The New Christy Minstrels singles chronology
| "Denver" (1963) | "Green, Green" (1963) | "Saturday Night" (1963) |

= Green, Green (song) =

1963 single by the New Christy Minstrels

"Green, Green" is a hit single released by American folk music group The New Christy Minstrels on June 4, 1963. It was composed and written by group members Barry McGuire and Randy Sparks and became the group's first hit. Since then, it has been covered by many singers and artists from all over the world, but especially in Japan.

== Charts ==

| Chart (1963) | Peak position |
|---|---|
| Canada CHUM Chart | 17 |
| U.S. Hot 100 | 14 |
| U.S. Easy Listening | 3 |

"Green, Green" sold over one million copies in 1963, and was awarded a gold disc. It was nominated in 1964 for the Grammy Award for Best Folk Recording and Best Performance By A Chorus.

== Variants, covers and sampling ==
The New Christy Minstrels also recorded the song in German (named "Grün, grün ist Tennessee") and Spanish ("Verde, Verde").

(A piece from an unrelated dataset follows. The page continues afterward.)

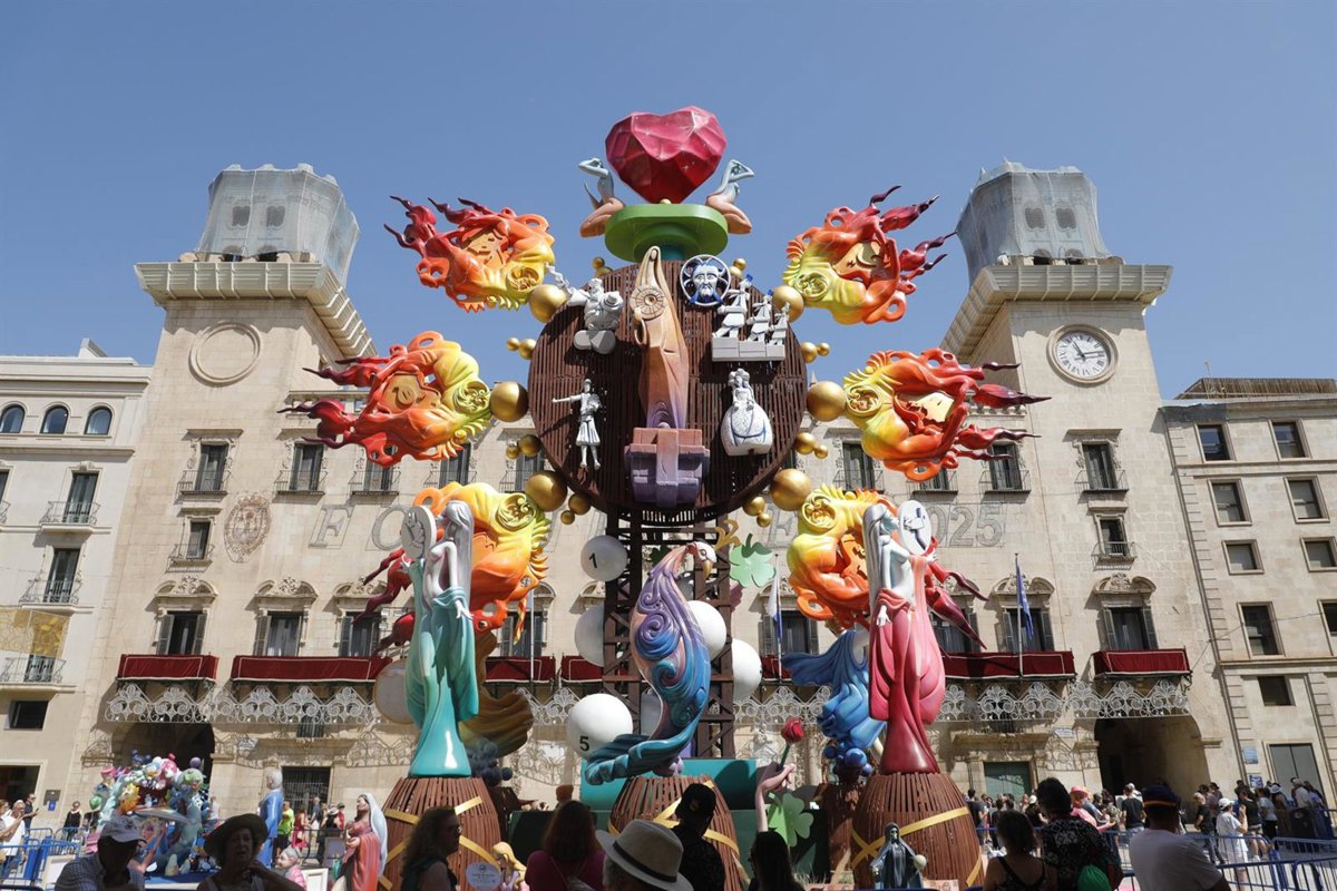 Imagen de la hoguera oficial de 2025, ubicada en la plaza del Ayuntamiento de Alicante - Joaquín P.Reina - Europa Press

Green, Green has been covered by artists including:

- Eddy Arnold and the Needmore Creek Singers – Green Green
- Brian Hyland – Green Green
- Glen Campbell – Green Green
- Drafi Deutscher – Grün, grün ist Tennessee
- Cliff Richard – Du, Du Gefällst Mir So
- Dalida – Ding Ding
- Ann-Louise Hanson – Ding Ding
- Rangers – Vim Vim
- Georg Dolivo – Maantie
- Bruce Low – Grün, Drün
- Bjørn Tidmand – Blå, Blå
- Johnny Rivers – Green Green
=== Japanese version ===
Poet and children's literature author Hikaru Kataoka took notice of the song in the 1960s. At this time he was working for the Japanese public broadcaster NHK, where he was in charge of production, song writing and translation. He wrote new Japanese lyrics for "Green, Green", and in May 1967, it was broadcast on NHK during the children's programming of Minna no Uta (Songs for Everyone) sung by Suginami Junior Chorus and arranged by Akihiro Komori. Since then the lyrics have become very popular in Japan.

The lyrics have been published in several Japanese music textbooks.